For Wolf’s part, “I have to say that taking care of folks like Lee and Hal is a big part of what makes being a primary care doctor such a great joy and privilege.”

Finding a Place to Age

The main goal for Lee when it came to preparing for Hal and her own aging was to find a place that could happen.

Lee didn’t just do a Google search. She visited dozens of nursing homes. She visited JABA, made lists of in-home care services, and visited each of those.

But Lee wasn’t satisfied. “Mainly because of shifting staff. You can never guarantee the same people. The bottom line dictates staffing.” This turnover and the resulting lack in a continuity of care, she discovered, is a problem nationally.

“Investigating nursing homes, I found we have several national problems in the healthcare field,” Lee says, “With the nursing home situation, it all comes down to profit. They cut back on staffing; they can’t go in the red.” She calls this “the worst part of our healthcare.”

So she looked at the option of aging in place. She volunteered at PACE, which offers 24/7 coverage for anyone qualified for a nursing home. It seemed like “this would probably be what we choose to do,” she said.

But then Lee discovered The Green House Project, a new model for long-term care for elders.

In 2001, a doctor named Bill Thomas was appalled at the state of elder care. “He saw it was a hospital, not a home,” Lee says. “People just sitting in wheelchairs. So he introduced a lot of changes, brought in birds, dogs, cats, and plants.” But it still wasn’t enough. So he “super-trained staff to behave like family members, not healthcare providers. And he built a new structure, with one central room, the residents living in rooms off in spokes. It became a communal place, with a common kitchen where people cook family recipes.”

And Lee found one in Harrisonburg. “If we both have to go somewhere, this will be it.”

Get Healthy Now

Need help getting started with a long-term aging plan?
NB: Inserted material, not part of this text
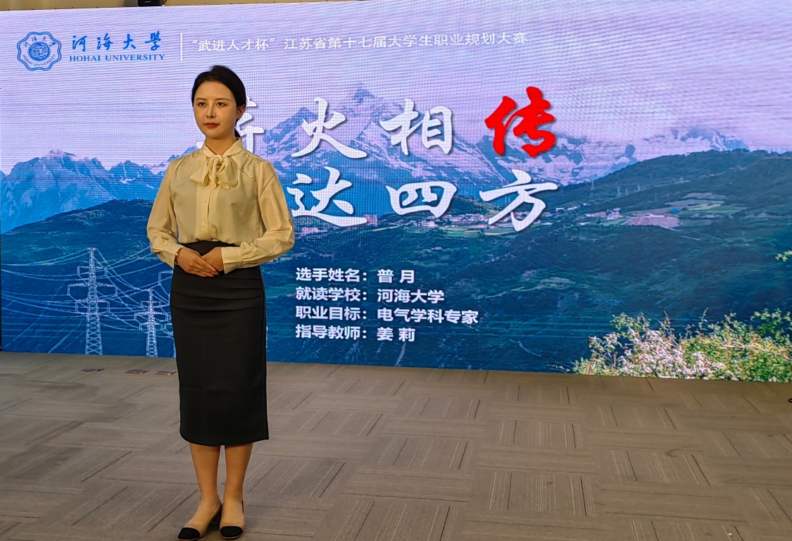 此次大赛以“生涯逐梦,职赢未来”为主题,分设研究生、本科生和专科生三个赛道。比赛自2022年9月份启动,全省各大高校高度重视,广泛发动。经过激烈角逐,普月同学从50余所高校的95名选手中脱颖而出晋级总决赛。在指导教师的精心指导下,以任职高校电气学科专任教师为职业目标,通过生涯规划展示、职业体验陈述等环节,全方位、个性化地展现了不断拓宽培养科研创新、项目管理、团队协作以及教育教学等多方位能力维度的职业规划路径,分享了深耕基层、成果丰硕的科研及育人历程,展望了怀揣“电气人”的情怀和梦想,与国家发展和民族振兴同向同行,将薪火相传,让电达四方的职业理想。

Your primary care doctor can get you started. Find a provider near you.

Aging Gracefully: How to Get Started Now

Wolf’s biggest advice: Exercise. “The biggest factor I see that differentiates healthy from unhealthy aging is exercise – folks who remain sedentary clearly become more frail more rapidly than those who either remain or become active in their later years. I see Hal and Lee at the gym on a regular basis, and I can tell you that that makes a huge difference in how they age.”

Lee’s primary lessons for younger people: Be proactively active. “It’s really hard when you’re 50 to think about being 80; it’s hard to do. But you should.” She advises younger people to:

  • Most importantly, take your health seriously — eat well and exercise.
  • Prepare for the payment part. “That’s what gets most people.”
  • Be an advocate for yourself when it comes to your healthcare.
  • Get political. Make a difference. Advocate for end-of-life care.